───── Records supplied ─────

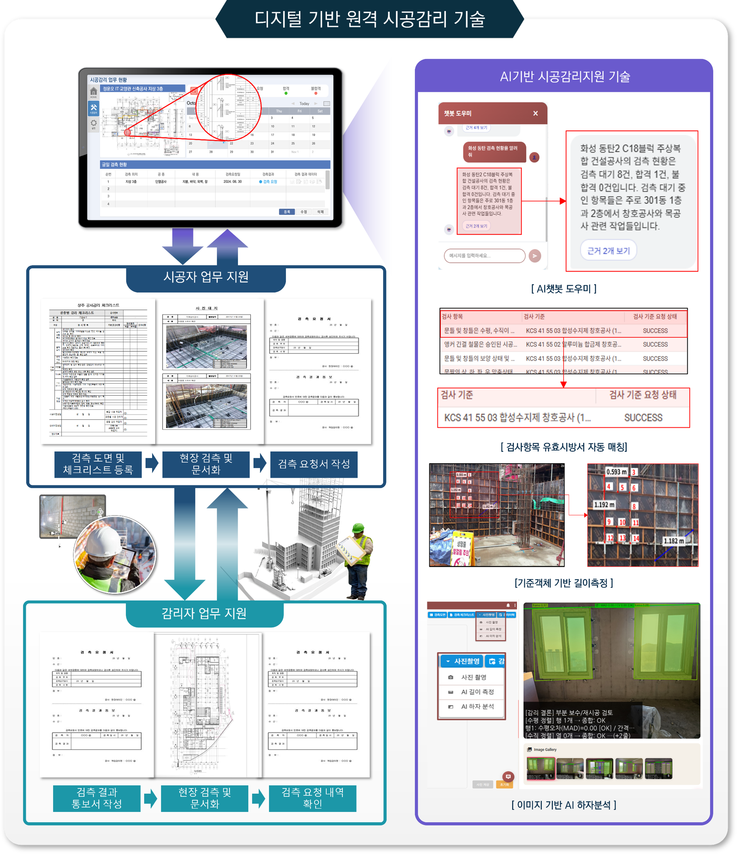 This project aims to enhance construction productivity and safety by transitioning from traditional, labor-intensive, and site-centric workflows to a digitalized and automated supervision framework. The research addresses the limitations of existing paper-based supervision by establishing a digital environment that resolves information discontinuity among project participants. Key technical developments include the digitization of documentation tasks, mobile-based technologies for on-site data acquisition, and the development of analytic algorithms to support supervision duties based on field data.
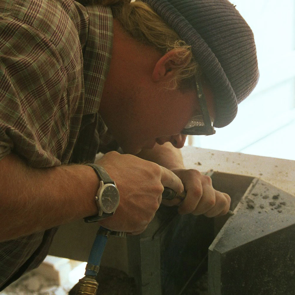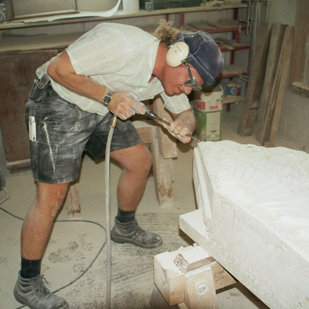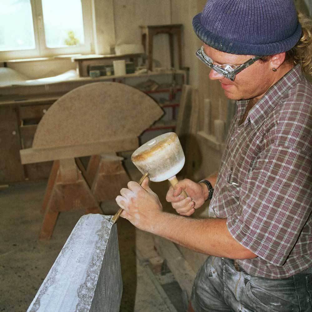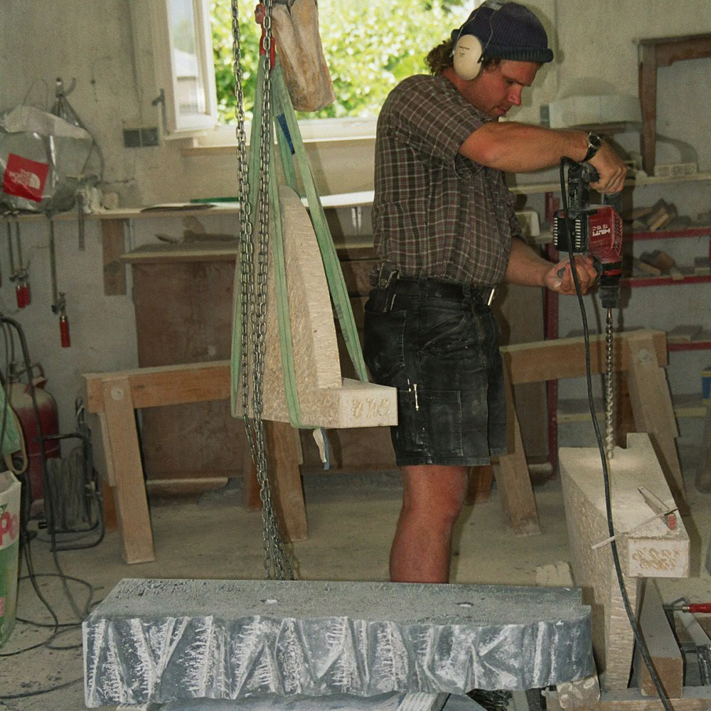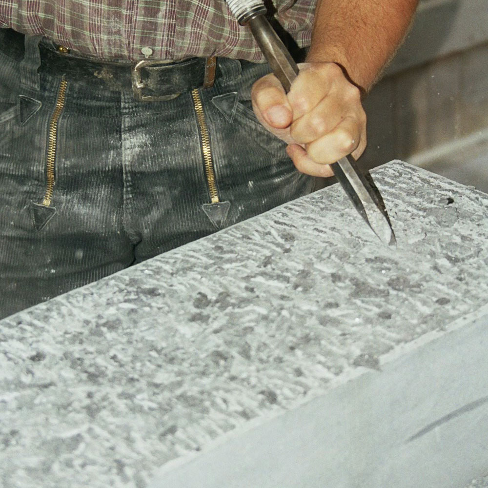 Gestaltung Der dunkle Stein zeigt den Lebensweg mit all seinen Umwegen, Veränderungen und Unwägbarkeiten (Faltung), doch immer stringent. Er führt durch ein Tor – den Tod – ins Licht. Zu diesem Stein gibt es eine dokumentierte Entstehungsgeschichte, siehe Bilder.
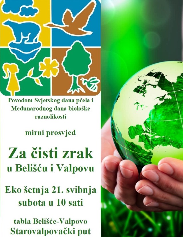 VALPOVO Povodom Svjetskog dana pčela /20. svibnja/ i Međunarodnog dana biološke raznolikosti /22. svibnja/ Ekološka udruga Eko-Karašica u suradnji s udrugama Zvono i Karašicka Republika organizira mirni prosvjed „Za čisti zrak u Belišću i Valpovu“.
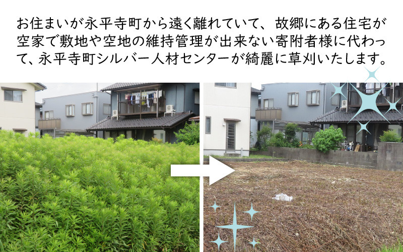 故郷にある空家の住宅を維持管理いたします! 永平寺町 空地草刈代行サービス A [B-029005]
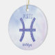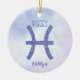 Dieses hübsche lila und Lavendel Fisces Weihnachtsschmuck zeigt Ihr astrologisches Zeichen aus dem Zodiac in einem schönen Funkeln wie die Sternbilder. Passen Sie dieses niedliche Geschenk mit Ihrem Namen in kursiver Schrift für jemanden mit einem Geburtstag Ende Februar oder frühen März an.

─────

About this exercise
An exact copy is needed of every line from the one holding "故郷にある空家の住宅を維持管理いたします! 永平寺町 空地草刈代行サービス" to the end of the entries above, both ends kept and each picture dropped.

Answer area
 故郷にある空家の住宅を維持管理いたします! 永平寺町 空地草刈代行サービス A [B-029005]
 Dieses hübsche lila und Lavendel Fisces Weihnachtsschmuck zeigt Ihr astrologisches Zeichen aus dem Zodiac in einem schönen Funkeln wie die Sternbilder. Passen Sie dieses niedliche Geschenk mit Ihrem Namen in kursiver Schrift für jemanden mit einem Geburtstag Ende Februar oder frühen März an.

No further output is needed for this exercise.